Justice Anthony Kennedy buttressed his reputation as the new swing vote on the high court by writing the 5-4 decision sparing Patrick Kennedy (no relation, obviously) from becoming the first person since 1964 to be executed in the U.S. for a crime other than murder. Kennedy was convicted of raping his 8-year- old stepdaughter.
“The death penalty is not a proportional punishment for the rape of a child,” Kennedy wrote for the court in striking down a Louisiana law allowing execution in such cases.
Kennedy’s vote was decisive because the court otherwise split along its usual ideological fault line, with liberal Justices Stephen Breyer, John Paul Stevens, David Souter and Ruth Bader Ginsburg joining the majority and Chief Justice John Roberts and Justices Samuel Alito, Antonin Scalia and Clarence Thomas dissenting.
The Denver Post has long opposed the death penalty. But even citizens who support capital punishment should recognize that the Louisiana law was an atrocious example of vengeance without reason, since it violated the Judeo-Christian tradition that punishment should be proportionate to a crime, not more severe than the crime itself.

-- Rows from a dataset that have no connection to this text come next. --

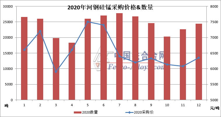 河钢集团12月硅锰6517招标价最终敲定为6350元/吨,较之二询价格再度加价70元/吨,较上月招标价上涨了270元/吨,招标量24400吨。具体采购价量价关系如下:
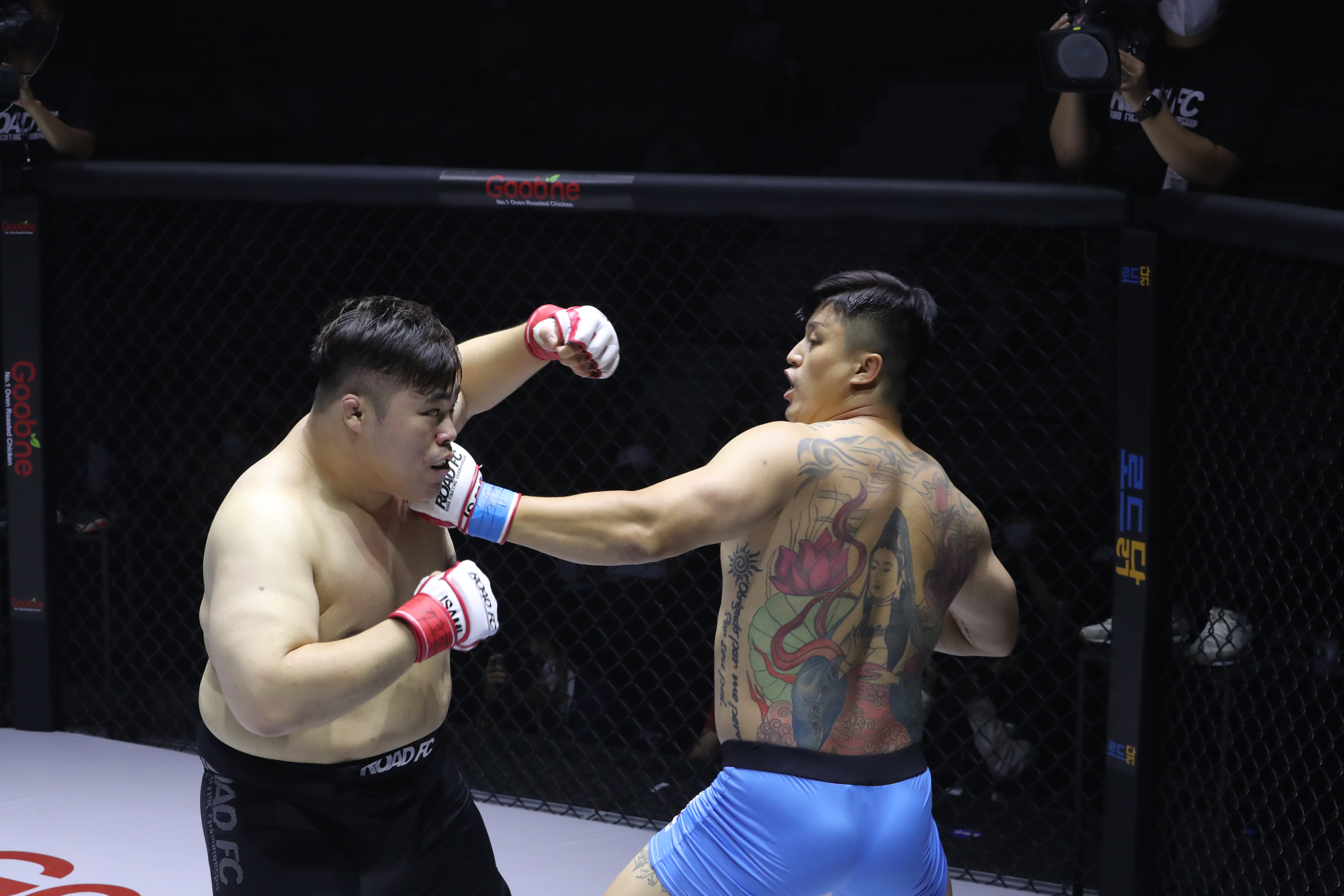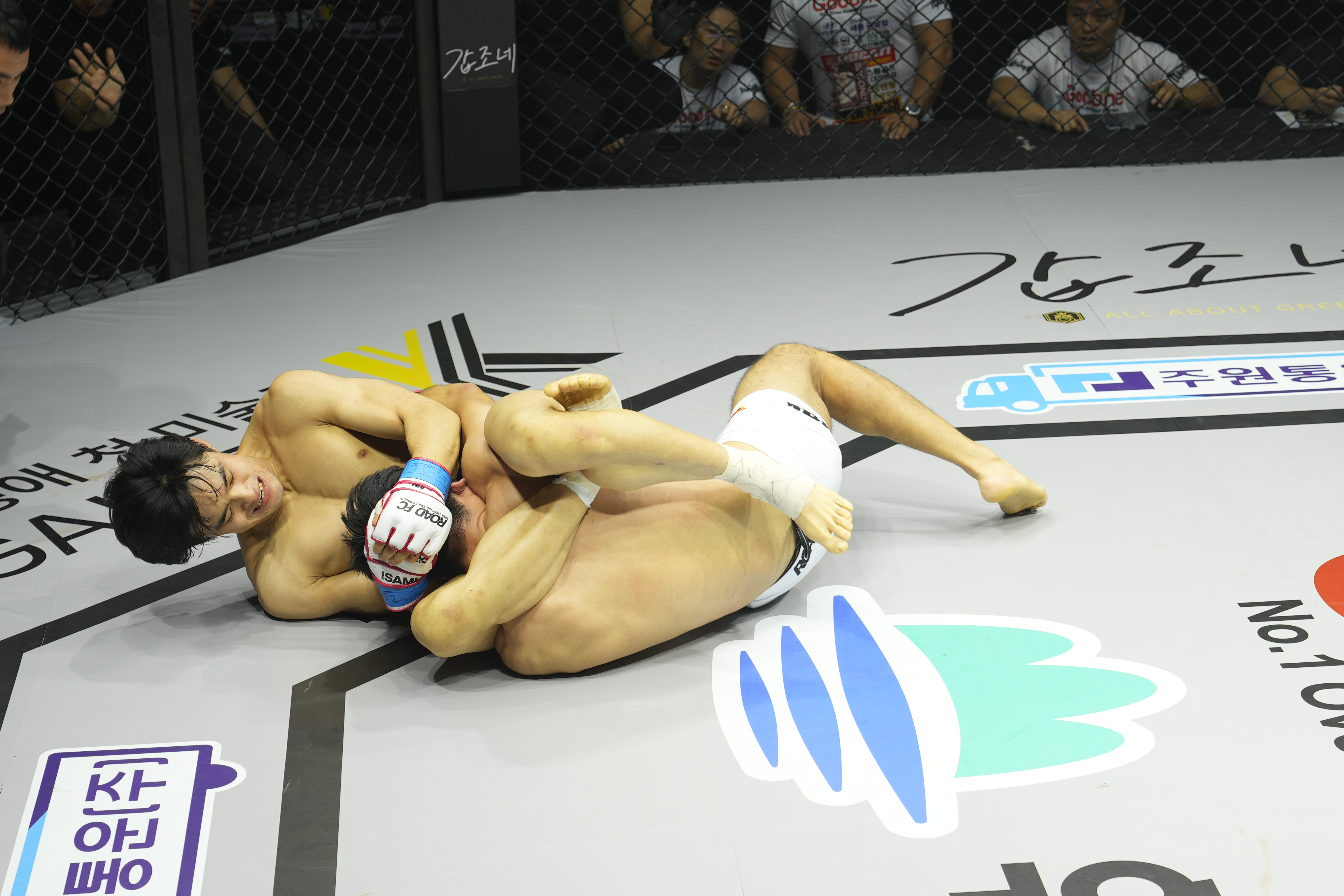 작년 글로벌 토너 아제베도 전에서도 격전을 보여줬던 '근자감' 박형근(37, Team AOM)은 일본의 젊은 기대주를 서브미션으로 잡아내고 실로 오래만의 한판 승을 기록했다. 엘리트 레슬러 출신의 베테랑 미야타 카즈유키의 제자로 6연승을 노리던 기대주 쿠로이 카이세이(23, 일본)를 로우킥과 타격으로 압박하던 박형근은 킥 캐치로 거리를 좁혀 클린치, 테이크 다운까지 뽑아냈다. 암 바를 잡기 위해 하위로 간 박형근은 그립 싸움 끝에 삼각을 완성, 쿠로이를 재워버렸다.
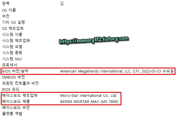 여기서 바이오스 버전과 날짜 그리고 메인보드 제조사와 모델명을 확인할 수 있습니다. 보니까 저는 바이오스 버전이 22년 03월 23일 수요일에 나온 버전이 설치돼있는 상태고, 메인보드 제조업체는 MSI(Micro-Star International)이네요. 그리고 메인보드 모델명은 "B450M MORTAR MAX"네요. 여기 나온 정보를 토대로 최신 버전의 바이오스 드라이버를 다운로드해주면 됩니다.
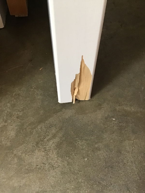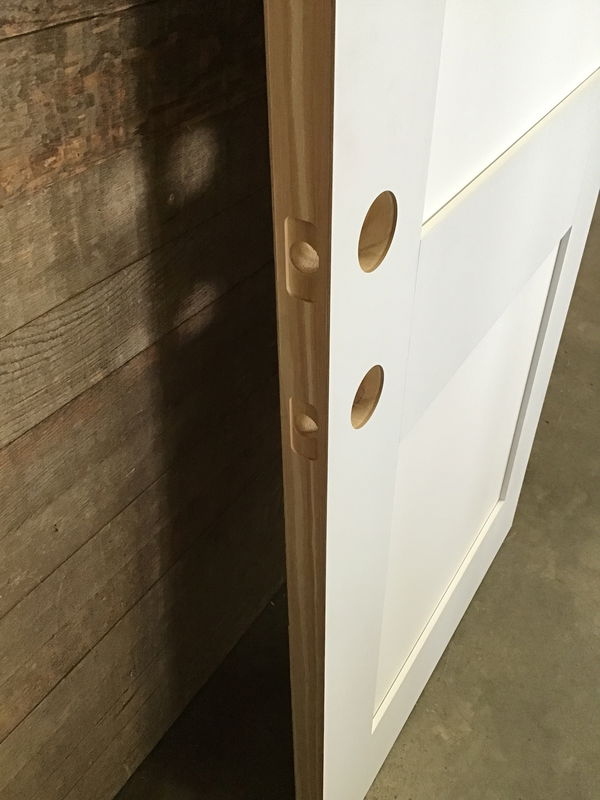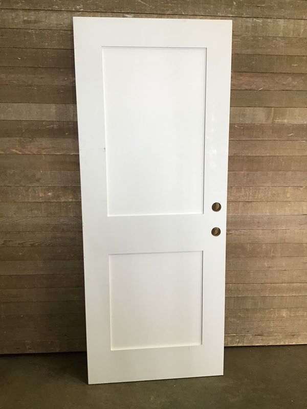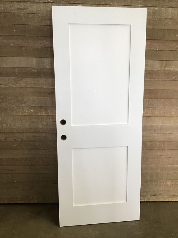 Masonite skin shaker style door. Has been cut down on one side but has not been installed before. In decent shape besides some scuffs and marks during handling. Has a chip at a bottom corner but is luckily hidden away on the hinge side.
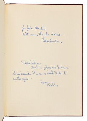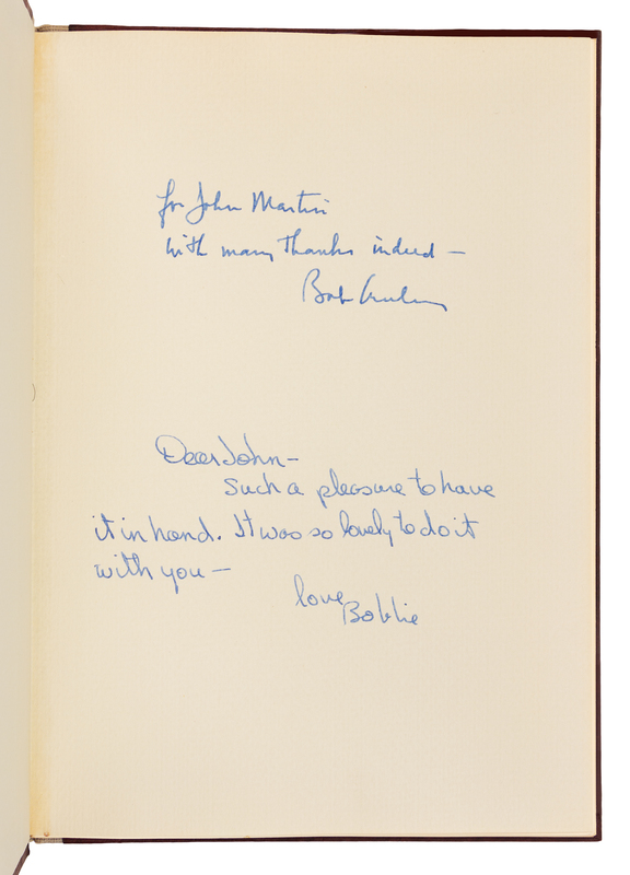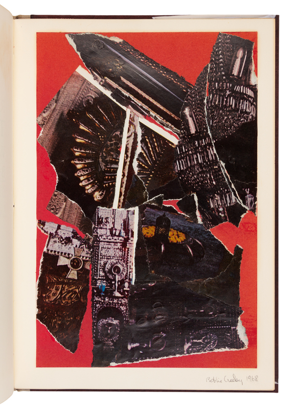 4to (254 x 179 mm). ORIGINAL COLLAGE BY HAWKINS, 4 photographic reproductions of her work (minor offsetting from original collage). Grey linen-backed boards, printed label to spine. Provenance: John Martin (b. 1930) publisher and founder of the Black Sparrow Press.LIMITED EDITION, THE PUBLISHER'S COPY, one of 50 copies hand-bound in boards with an ORIGINAL COLLAGE. PRESENTATION COPY INSCRIBED BY CREELY TO JOHN MARTIN: "For John Martin with many thanks indeed -- Bob Creely." ALSO INSCRIBED BY HAWKINS: "Dear John - Such a pleasure to have it in hand. It was so lovely to do it with you -- love Bobbie."
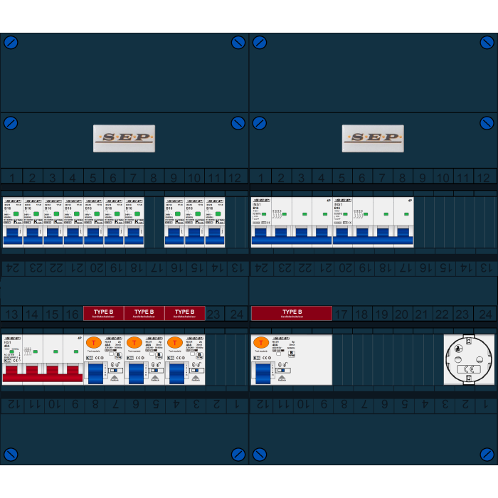 SEP FS groepenkast, hoofdschakelaar 4p/40A, 3x aardlekschakelaar 2p/40A/30mA (Type B), 1x aardlekschakelaar 4p/40A/30mA (Type B), 10x installatieautomaat 1p+n/B16, 2x installatieautomaat 4p/B16, enkelvoudige contactdoos (3 fase)
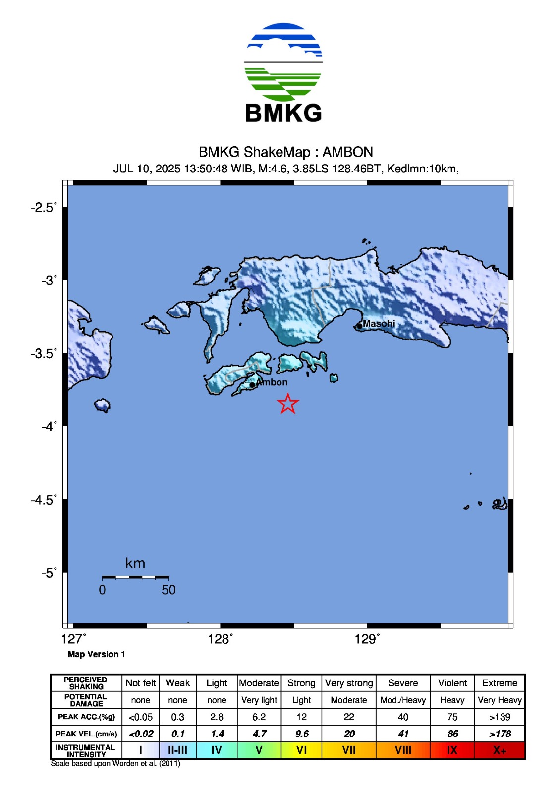 “Dengan lokasi episenter dan kedalaman hiposenter tersebut, guncangan dirasakan di wilayah Ambon dalam skala III MMI dan di wilayah Amalatu, Seram Bagian Barat, sekitar II MMI,” jelas Kuncoro.
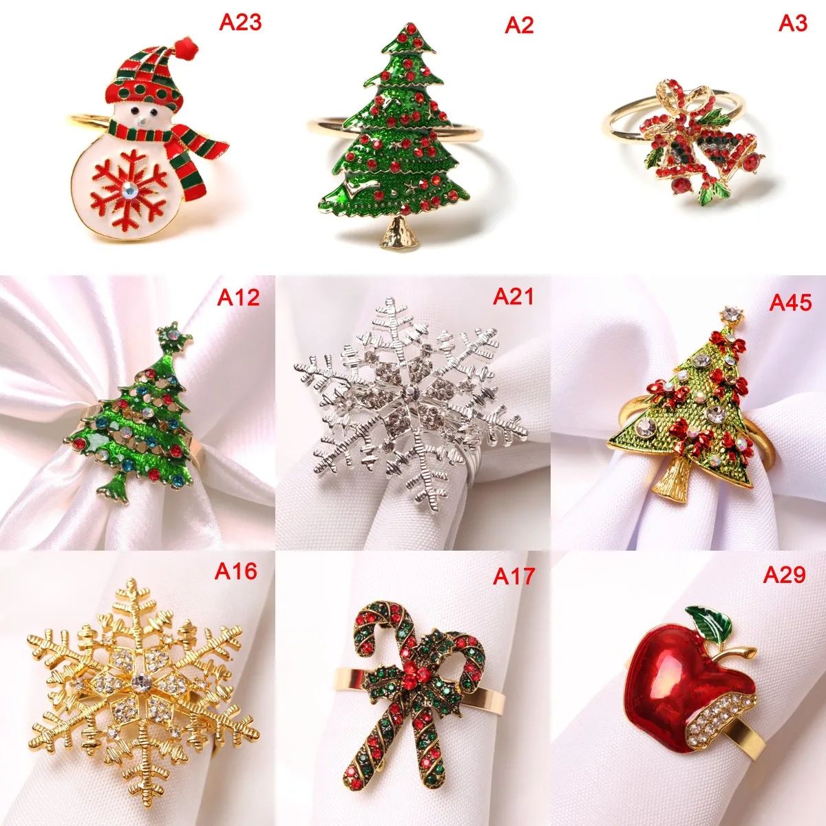 46 стилей, рождественские кольца для салфеток, держатели для салфеток, кольца для праздника, Рождественское украшение для стола, Пряжка для салфеток с оленем
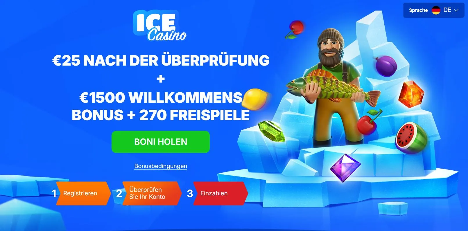 Mit dem 25 €-Bonus von ICE Casino können Sie Ihre Lieblingsspiele risikofrei ausprobieren - ohne Ihr eigenes Geld einzusetzen. Und ja, Sie können echtes Geld gewinnen!
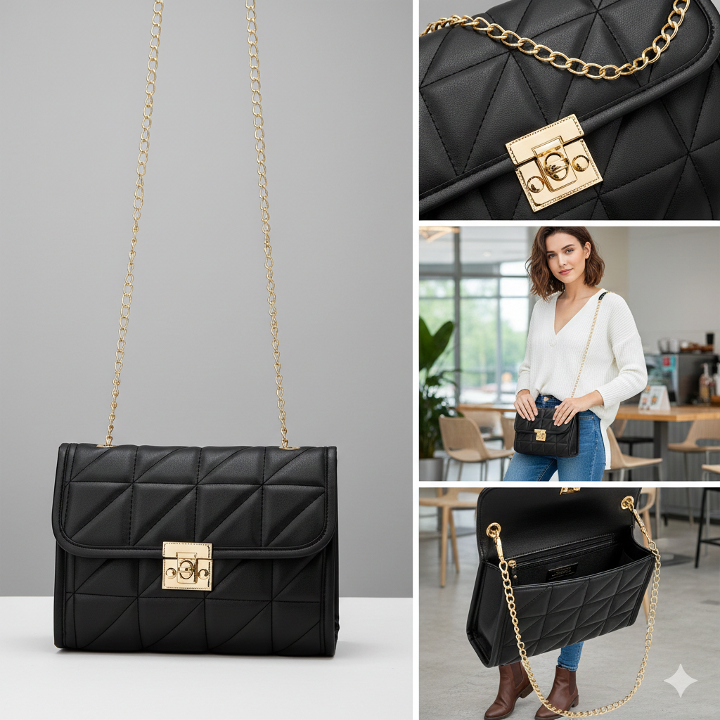 Bolsa Feminina Tiracolo Feminina Preta com Matelassê

As The Post argued earlier this year in opposing a failed attempt by state Sen. Steve Ward, R-Littleton, to authorize the death penalty in Colorado for the rape of a child, such disproportionate punishment violates the biblical standard: “An eye for an eye and a tooth for a tooth.”
In another widely watched ruling Wednesday, the Supreme Court also slashed the $2.5 billion punitive damages award in the 1989 Exxon Valdez oil spill to $500 million. This case scrambled the court’s usual right-left division, with Souter joining Ken- nedy, Roberts, Scalia and Thomas in ruling that the punitive damages in the case may not exceed what the company already paid to compensate victims for economic losses, $507.5 million — an amount equal to about four days’ worth of Exxon Mobil Corp.’s profits last quarter. Alito abstained because he owns Exxon stock.
We welcome the ruling because we’ve long felt there should be some reasonable limit on non-economic damages in civil cases — if only because outrageous awards are ultimately passed on to consumers as part of the cost of doing business.
It remains to be seen, however, how far-reaching Wednesday’s ruling will be. The 1-to-1 ratio between punitive and actual damages in the Exxon ruling is far lower than the 9-to-1 ratio blessed by the high court in an earlier decision involving State Farm Insurance. Plaintiffs’ attorneys said the Exxon decision may have limited application, because it applies in the specialized area of maritime law.